**WORK REQUEST**
The line containing "Als Teil seiner" marks the end; write out exactly every line from the start of the data up to and including it, without the pictures.

**COLLECTED MATERIAL**
--

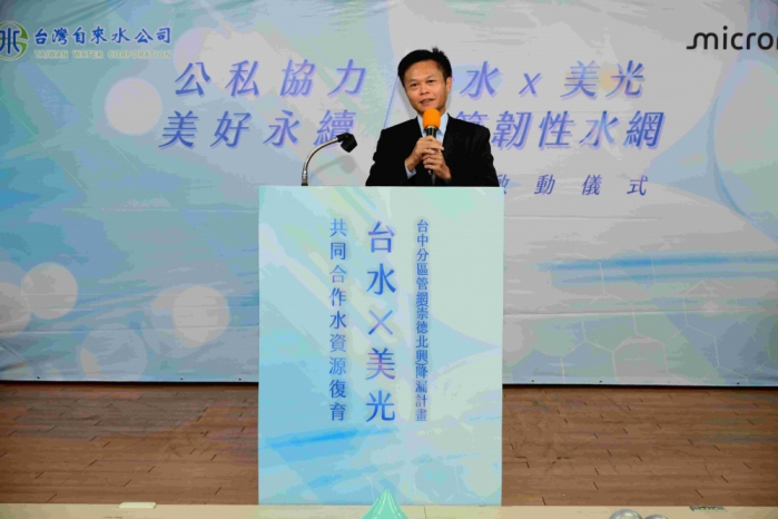 台水董事長李嘉榮指出,台中市漏水率13%,高於全國平均11%,其中,北屯區進化北路崇德路和太原路一段的小區域,管線五公里,每天供水量七千四百多噸,售水量只有一千兩百四十五噸,等於一天流失六千多噸自來水,漏水率達83%。感謝美光捐贈4710萬元,支持台水推動崇德地區老舊管線更新,預計明年底完成,售水率可望提升至九成。
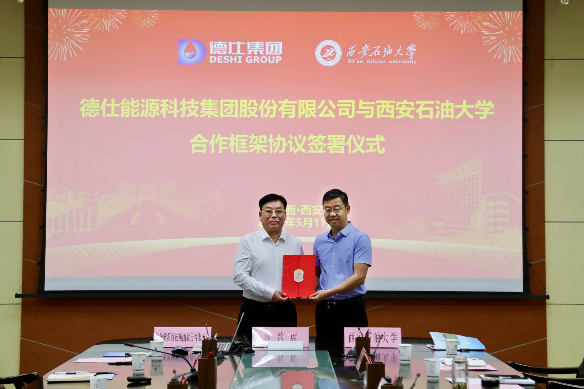 張榮軍和吳麗麗分別代表校企雙方簽署了《德仕能源科技集團股份有限公司與西安石油大學合作框架協(xié)議》。
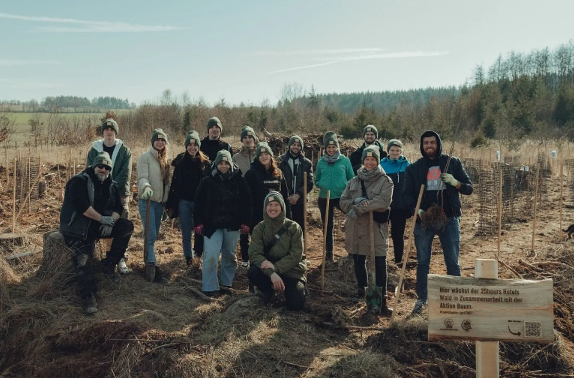 Als Teil seiner umweltfördernden Maßnahmen unterstützt 25hours Hotels verschiedene Baumpflanzinitiativen. Für die deutschsprachigen Häuser arbeitet die Hotelgruppe mit der gemeinnützigen Hamburger Organisation Aktion Baum zusammen, die Baumpflanzprojekte in Deutschland, Österreich und der Schweiz umsetzen. Im Rahmen der Kooperation haben 25hours-Mitarbeitende im Frühjahr in der Nähe von Frankfurt den Spatenstich für einen eigenen Wald gesetzt und rund 250 Ahornbäume gepflanzt. Ziel der Aktion ist es, zur langfristigen Erholung der Natur, CO2-Kompensation und zum Erhalt der globalen Biodiversität beizutragen. So weit wie möglich pflanzt Aktion Baum daher Mischwälder, die ein gutes Potenzial haben mit schwierigen klimatischen Bedingungen zurechtzukommen und durch die darüber hinaus ein Maximum an Biodiversität gefördert wird.
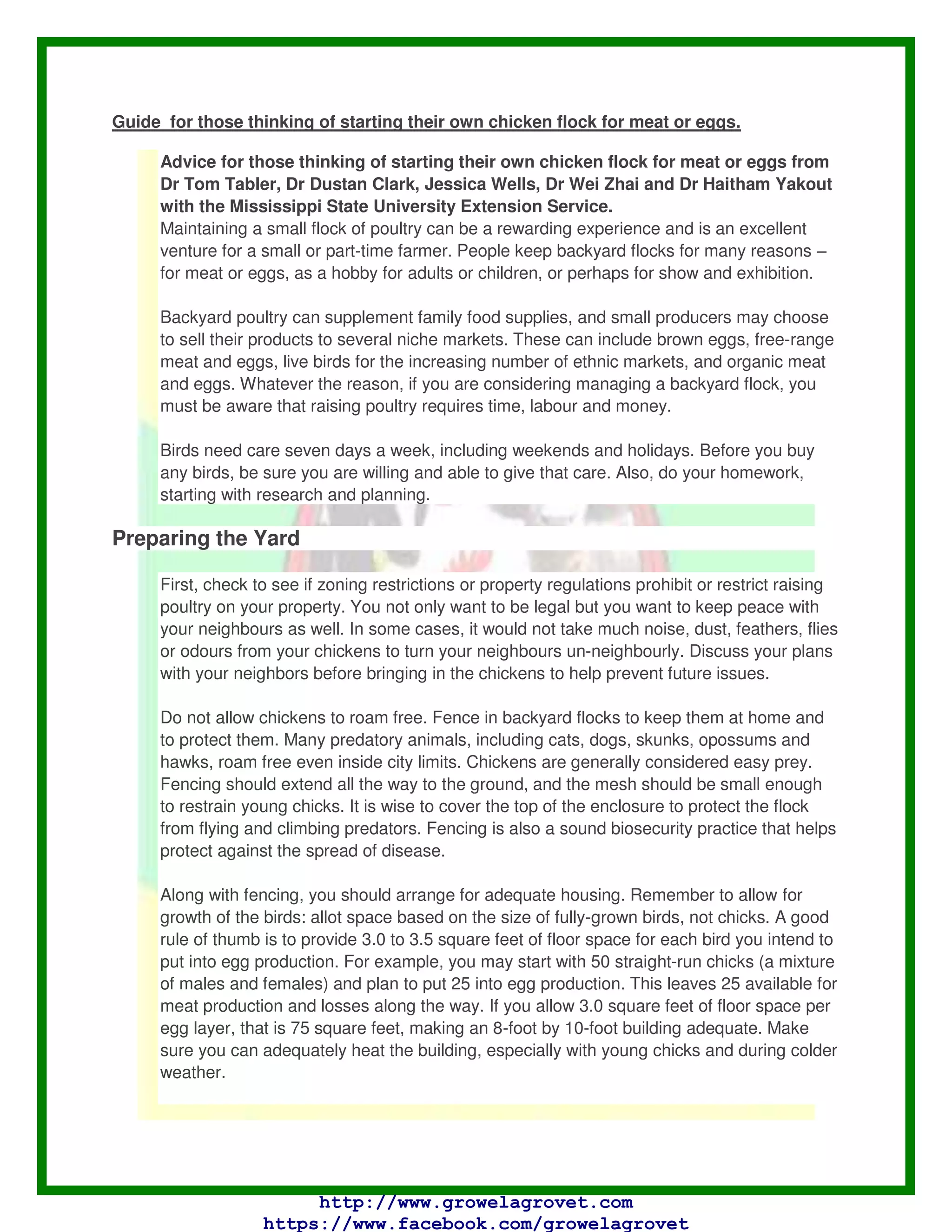 This document provides a guide for those interested in starting a backyard chicken flock for eggs or meat. It outlines important considerations like zoning restrictions, preparing the yard with adequate fencing and housing, purchasing chicks or adult birds, feeding and caring for the flock, and maintaining health. Key responsibilities include giving daily care, preventing disease through biosecurity measures, and understanding the long-term commitment of raising poultry. With proper planning and care, a backyard flock can be a rewarding experience for the family.

--

**TASK RESPONSE**
 台水董事長李嘉榮指出,台中市漏水率13%,高於全國平均11%,其中,北屯區進化北路崇德路和太原路一段的小區域,管線五公里,每天供水量七千四百多噸,售水量只有一千兩百四十五噸,等於一天流失六千多噸自來水,漏水率達83%。感謝美光捐贈4710萬元,支持台水推動崇德地區老舊管線更新,預計明年底完成,售水率可望提升至九成。
 張榮軍和吳麗麗分別代表校企雙方簽署了《德仕能源科技集團股份有限公司與西安石油大學合作框架協(xié)議》。
 Als Teil seiner umweltfördernden Maßnahmen unterstützt 25hours Hotels verschiedene Baumpflanzinitiativen. Für die deutschsprachigen Häuser arbeitet die Hotelgruppe mit der gemeinnützigen Hamburger Organisation Aktion Baum zusammen, die Baumpflanzprojekte in Deutschland, Österreich und der Schweiz umsetzen. Im Rahmen der Kooperation haben 25hours-Mitarbeitende im Frühjahr in der Nähe von Frankfurt den Spatenstich für einen eigenen Wald gesetzt und rund 250 Ahornbäume gepflanzt. Ziel der Aktion ist es, zur langfristigen Erholung der Natur, CO2-Kompensation und zum Erhalt der globalen Biodiversität beizutragen. So weit wie möglich pflanzt Aktion Baum daher Mischwälder, die ein gutes Potenzial haben mit schwierigen klimatischen Bedingungen zurechtzukommen und durch die darüber hinaus ein Maximum an Biodiversität gefördert wird.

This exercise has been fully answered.